▶ TASK BRIEF
Only the lines below, from the one with "Ileum, mucosa –" through the one with "Цветочная композиция в", are to be written out, exactly.

▶ TASK MATERIAL
>>>>>
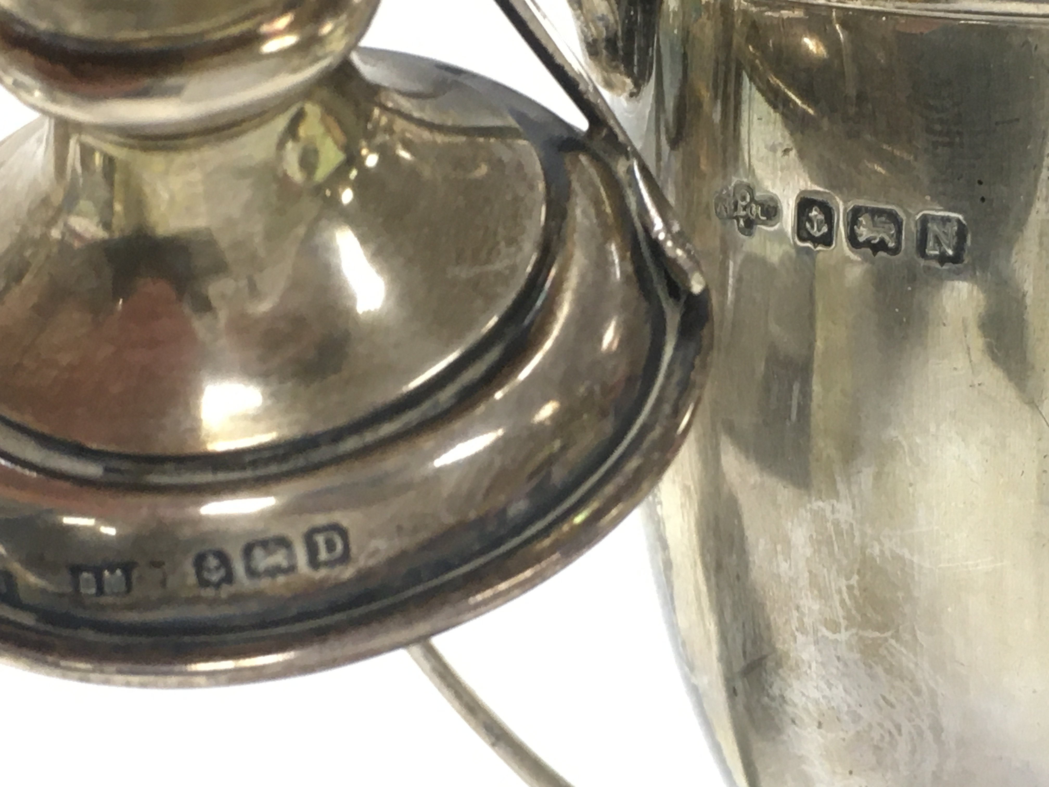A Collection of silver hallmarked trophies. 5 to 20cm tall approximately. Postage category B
<<<<<
>>>>>
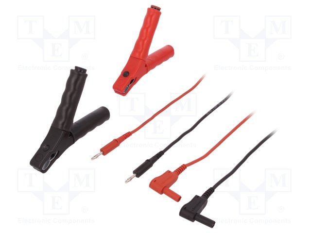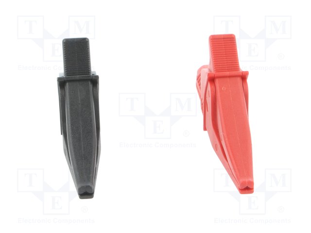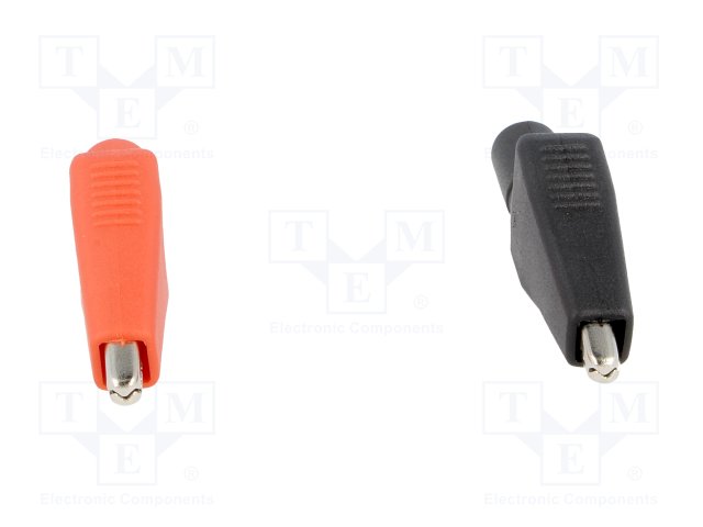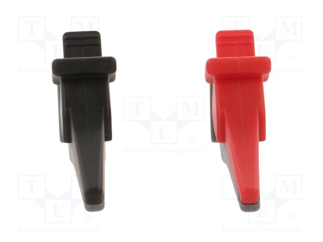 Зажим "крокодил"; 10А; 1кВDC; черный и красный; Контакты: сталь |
<<<<<
>>>>>
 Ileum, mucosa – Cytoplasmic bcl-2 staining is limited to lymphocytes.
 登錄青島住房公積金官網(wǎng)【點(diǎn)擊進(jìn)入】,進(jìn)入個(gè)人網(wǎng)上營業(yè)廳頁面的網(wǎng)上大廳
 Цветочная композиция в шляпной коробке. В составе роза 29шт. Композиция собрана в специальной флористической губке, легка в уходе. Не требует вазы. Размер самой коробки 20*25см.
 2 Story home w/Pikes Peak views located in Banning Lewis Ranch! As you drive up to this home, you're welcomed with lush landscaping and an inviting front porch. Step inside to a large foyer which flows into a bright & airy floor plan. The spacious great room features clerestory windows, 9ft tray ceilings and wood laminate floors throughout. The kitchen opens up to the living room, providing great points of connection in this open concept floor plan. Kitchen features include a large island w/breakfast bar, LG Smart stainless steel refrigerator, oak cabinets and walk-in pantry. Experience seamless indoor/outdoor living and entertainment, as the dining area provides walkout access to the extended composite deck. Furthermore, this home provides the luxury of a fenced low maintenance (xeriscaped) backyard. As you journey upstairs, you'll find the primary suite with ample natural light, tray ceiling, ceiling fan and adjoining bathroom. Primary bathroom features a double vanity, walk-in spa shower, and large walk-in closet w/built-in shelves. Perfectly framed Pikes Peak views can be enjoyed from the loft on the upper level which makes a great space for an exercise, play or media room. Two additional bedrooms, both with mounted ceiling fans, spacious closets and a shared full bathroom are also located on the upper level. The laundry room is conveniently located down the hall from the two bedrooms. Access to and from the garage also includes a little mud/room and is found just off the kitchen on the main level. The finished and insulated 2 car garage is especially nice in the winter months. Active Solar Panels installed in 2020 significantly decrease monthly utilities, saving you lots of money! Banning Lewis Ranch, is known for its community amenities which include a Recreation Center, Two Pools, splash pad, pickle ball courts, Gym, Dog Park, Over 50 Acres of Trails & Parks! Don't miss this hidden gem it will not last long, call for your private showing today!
<<<<<
▶ RESULT OF THE EXERCISE
 Ileum, mucosa – Cytoplasmic bcl-2 staining is limited to lymphocytes.
 登錄青島住房公積金官網(wǎng)【點(diǎn)擊進(jìn)入】,進(jìn)入個(gè)人網(wǎng)上營業(yè)廳頁面的網(wǎng)上大廳
 Цветочная композиция в шляпной коробке. В составе роза 29шт. Композиция собрана в специальной флористической губке, легка в уходе. Не требует вазы. Размер самой коробки 20*25см.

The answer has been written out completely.